The volume of news about Moodle made this Hack/Fest a particularly busy one. Before the hacking and documenting, there was the “Sprint Day”, which set the subjects for the following days:
- Moodle 3.2 Theme and Navigation, and the game-changing “Boost” theme so extensively covered.
- Moodle 3.2 Messaging and Notification Overhaul.
- Guided User Tours.
- Annotations of PDF-converted submissions in Moodle assignments.
- Looking at Moodle plugins H5P for interactive media and PoodLL for A\V recording.
- Moodle Mobile.
Sub-groups also formed around discussion topics for all: teachers, administrators, developers and designers. They encompassed course creation practices, templates, scheduling, accessibility, pitching new changes or features, usability testing.
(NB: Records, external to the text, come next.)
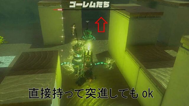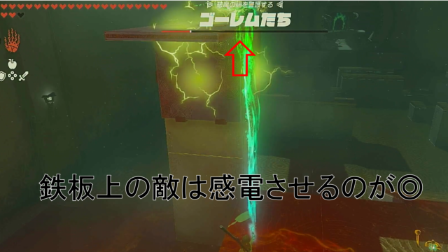 鉄板の上や付近にいるゴーレムは、感電させて倒すと楽です。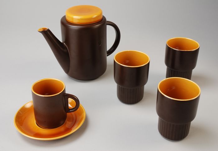 Felgele kop (A) met bruine schotel (B), model Laren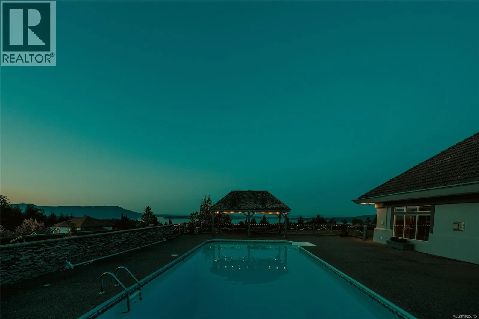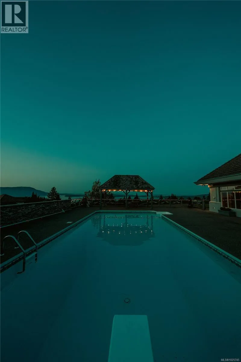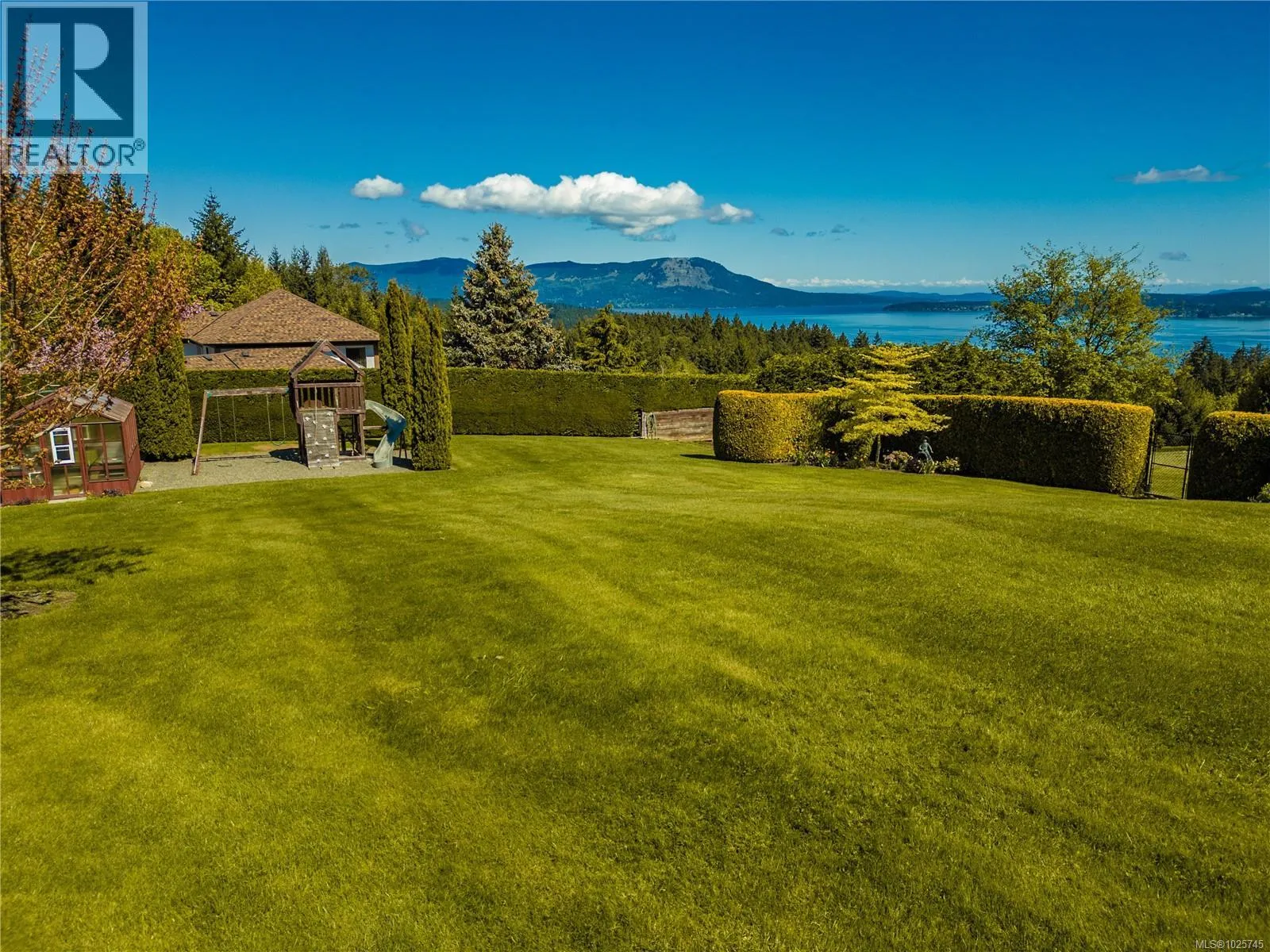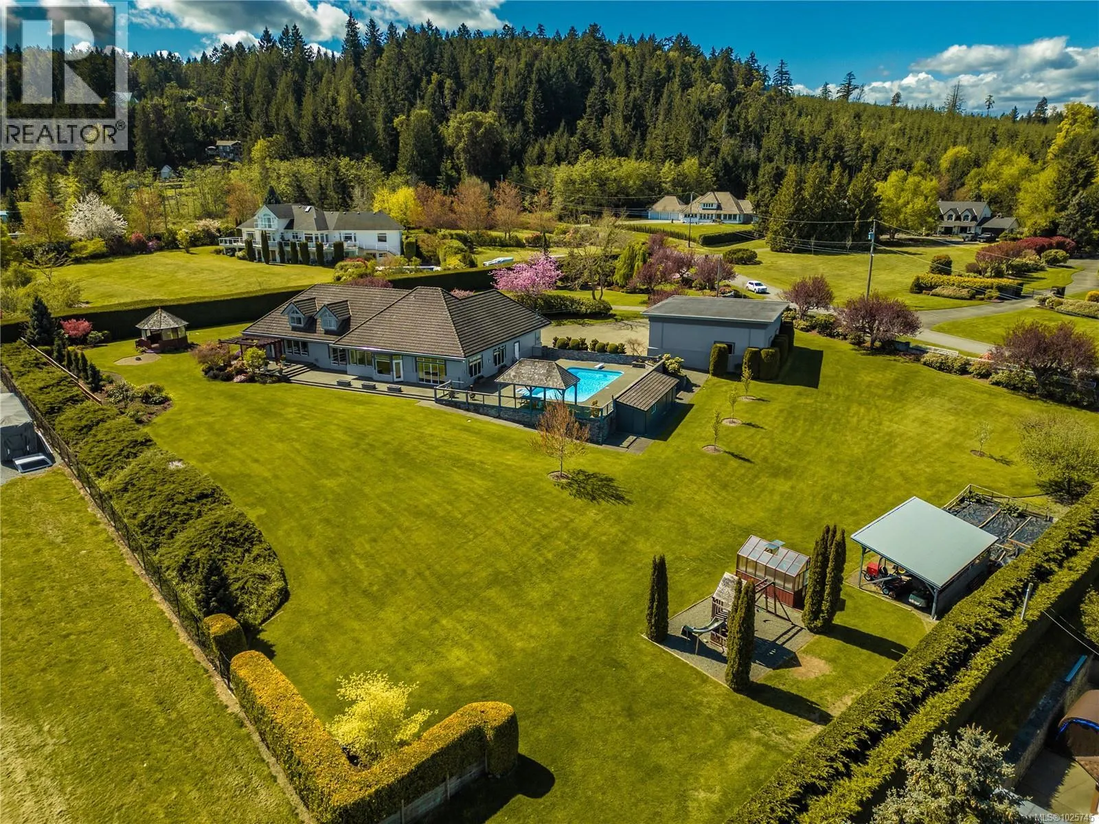 Presenting an extraordinary opportunity to own a custom-built high-efficiency home, looking for its second owners, nestled on two acres of perfectly landscaped grounds, offering sweeping, unobstructed ocean views. Meticulously maintained, this private estate is a rare find, combining luxury living with the tranquillity of nature. This exceptional four-bedroom, three-bathroom residence features soaring 15-foot vaulted ceilings, rich oak flooring, and two stylish propane fireplaces, creating a warm and inviting atmosphere. The gourmet kitchen is a chefâs dream, equipped with top-tier appliances and exquisite finishes. A custom wine room adds a touch of sophistication, perfect for the discerning collector. The property also includes an attached garage, along with a spacious oversized double detached garage, offering ample room for vehicles, storage, or a potential workshop. Outdoors, this property truly shines with a resort-inspired setting featuring a sparkling saltwater pool, an inviting cabana, and a picturesque gazeboâall set amidst a fully irrigated, landscaped oasis bordered by mature privacy hedges. A dedicated greenhouse and thoughtfully designed childrenâs playground offer versatility and family-friendly charm. A ride-on lawn mower is included for added convenience, making upkeep of the expansive grounds effortless. Ideally located near Brentwood and Shawnigan, with nearby shops, schools, and amenities. This home offers an exceptional lifestyle and seamlessly blends upscale living with everyday ease and comfort. (id:27476)

During the active sessions, a common occurrence was the “interest contagion”. Thanks to new features, such as messaging or forum controls, an interest for tools to enhance conversations and the quality of arguments on developers who started the Fest with mostly technical interests. Likewise, humanities students and educators started to care about usability, interactivity and even best cron practices.
The results of the Fest will be visible across the Moodle collaboration ecosystem shortly. This may include but not be limited to the Moodle Plugin Directory, the Issues at the Moodle Tracker and the Forums at moodle.org.